CONNOTECH Experts-conseils Inc.

Core Frogbit Algorithm Explanations

by Thierry Moreau

May 1997 (revised and expanded July 1999)

Table of contents

Introduction
A New Arrangement for Cryptographic Data Integrity
Factual Summary of the Frogbit Algorithm
. . . . Overview
. . . . Run Length Process
. . . . Index Permutation Process
. . . . Key Source Selection
. . . . Initialization Procedure
An Heuristic Development Process
Component Collision Analysis

Introduction

A few different formulations are given elsewhere for the core Frogbit algorithm, but justification of the algorithm deserves a little more narrative explanation. This is the purpose of the present document.

A New Arrangement for Cryptographic Data Integrity

A stream cipher operates on cleartext messages serially, applying XOR encryption to each message bit. It uses a pseudo-random bit generator (PR generator) for which the seed is derived from the cipher secret key. Our definition of data integrity protection uses the bit-serial characteristic of a stream cipher.

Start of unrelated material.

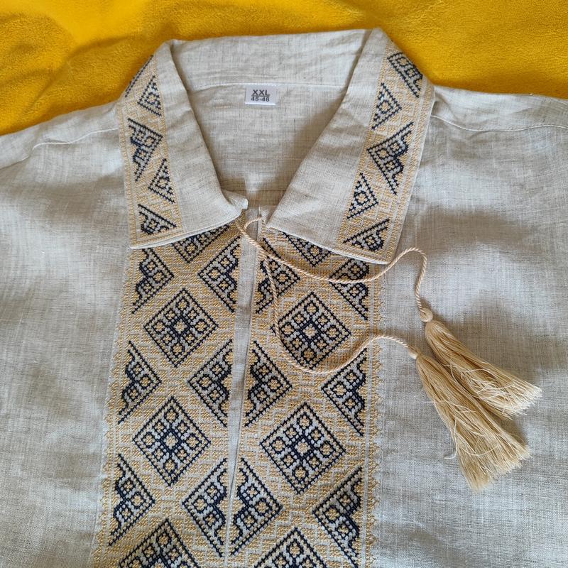 Мужская вышитая рубашка большого размера Машинная вышивка Склад тканини 100% льон Замеры: Плечи 52см Груди 68 см Длина 80 Длина рукава 64см Обхват манжети 23 см Качественное фабричное производство

Let us assume that a bit-serial cleartext message is encrypted into ciphertext by a sender, and that a session key is established for this purpose (we ignore attacks based on different messages that could be encrypted with the same key). The legitimate receiver decrypts the ciphertext and gets the recovered cleartext. An adversary is given the opportunity to modify the ciphertext bits in transit from the sender to the receiver.

Definition.: We define a cipher that offers data integrity protection as one where the modification of a single bit in the ciphertext by the adversary forces the randomization of the remaining portion of the recovered cleartext.

It is easy to turn a cryptographic scheme strictly conforming to this definition into a scheme where any modification of the ciphertext has at most a 2^-L probability of remaining undetected by the legitimate receiver: simply append L bits of redundancy to the cleartext message (e.g. L bits set to zero), and have the legitimate receiver check their presence before accepting the recovered cleartext as genuine. We assume that the adversary neither cuts nor extends the ciphertext bit string, but such a concern may be adressed with other forms of simple message redundancy (e.g. a cyclic redundancy check).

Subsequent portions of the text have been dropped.